When you decide to make a film as dark and unwelcoming as Cronenberg loves to make, it takes on a great risk of turning away many moviegoers. People tend to not want to sit in a gloomy, depressing room for two hours when a world of sunshine and football wait for them on the outside (hence the low box office results). While “Eastern Promises” has a good enough story to make the film worthwhile, Dane Cook tends to win against pitiful Russians on a Saturday night.
If there is any reason to see “Eastern Promises,” however, it’s to see an incredible performance from Mortensen, the one actor from “The Lord of the Rings” who has continued being an incredible actor following the trilogy (and no, Viggo, “Hidalgo” doesn’t count as a success).
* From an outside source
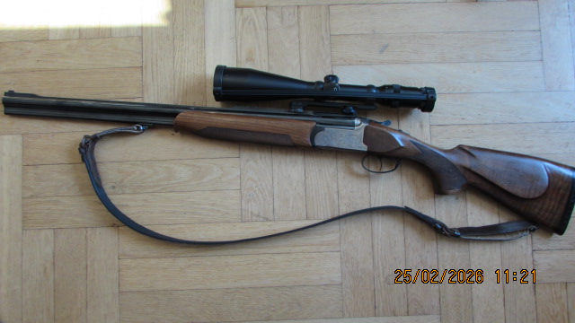 universell einsetzbare und solide Kombiwaffe, Doppelabzug, vorderer Abzug mit Rückstecher, Auszieher, Schiebesicherung auf dem Kolbenhals, dt. Backe, der Oberhebel steht noch rechts, demzufolge ist der Verschluss auch noch sehr stramm und dicht, Laufschiene mit Kimme und Korn, gültiger Beschuss ist vorhanden (ohne Stahlschrotbeschuss). Zielfernrohr Kettner 3-12x56 Abs. 4 mitvergrößernd mit Leuchtpunkt, 30mm Mittelrohr auf Schwenkmontage in gebrauchtem Zustand.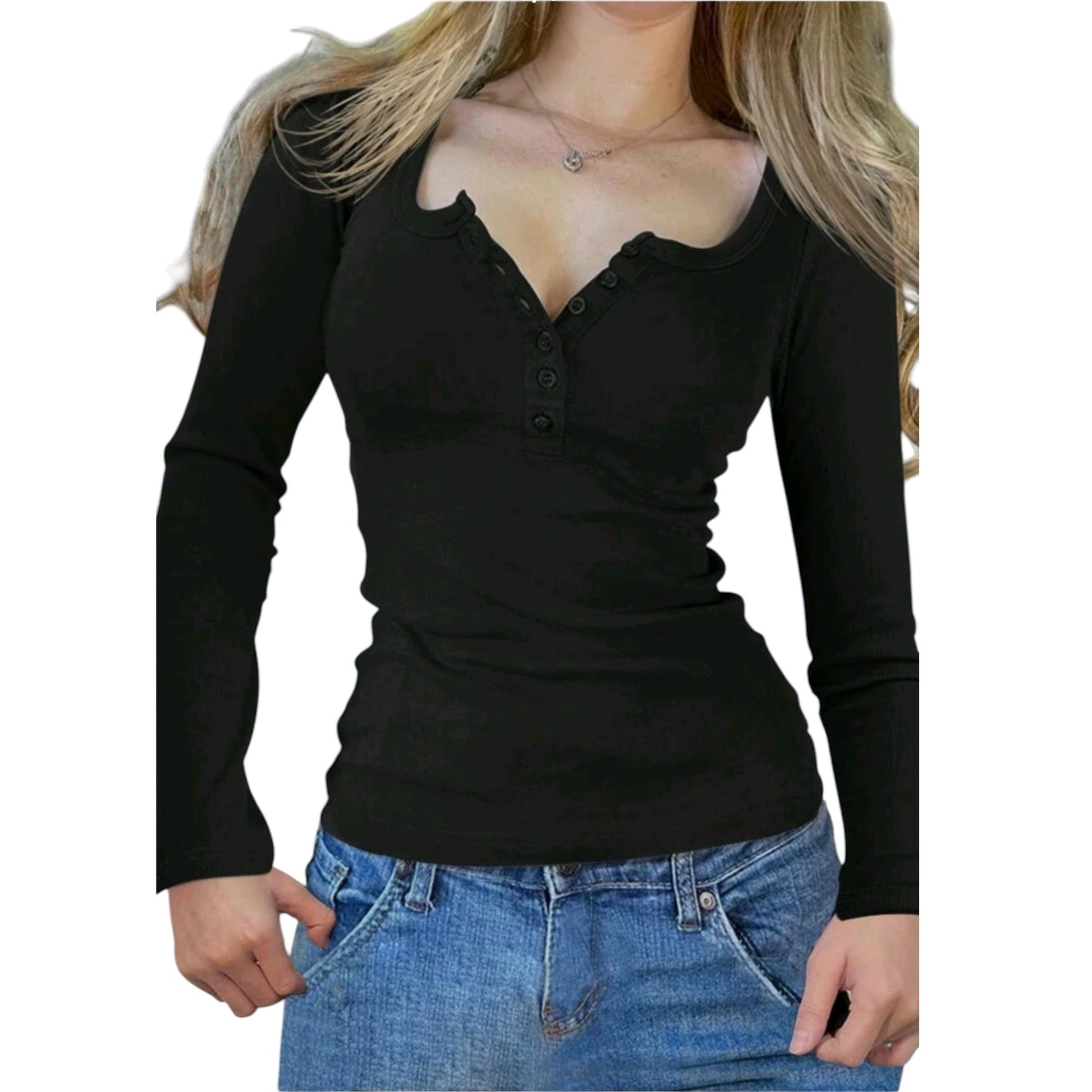 Címke nélküli, fekete, hosszú ujjú, szögletes nyakú, gombos.

Mortensen was even bold enough to take on a visceral fight scene while naked in a shower. Let’s just say it ends with your jaw on the floor, whether you like it or not.
“Eastern Promises” may not appear to be the most welcoming film of 2007, but it is one of the few good ones. While it can promise an unsettling, powerful story with great acting, the foreign, disconnected nature of the film coupled with Cronenberg’s decision to direct it in such a discomforting manner makes “Eastern Promises” one of those films you love the first time but can’t seem to want to experience a second time.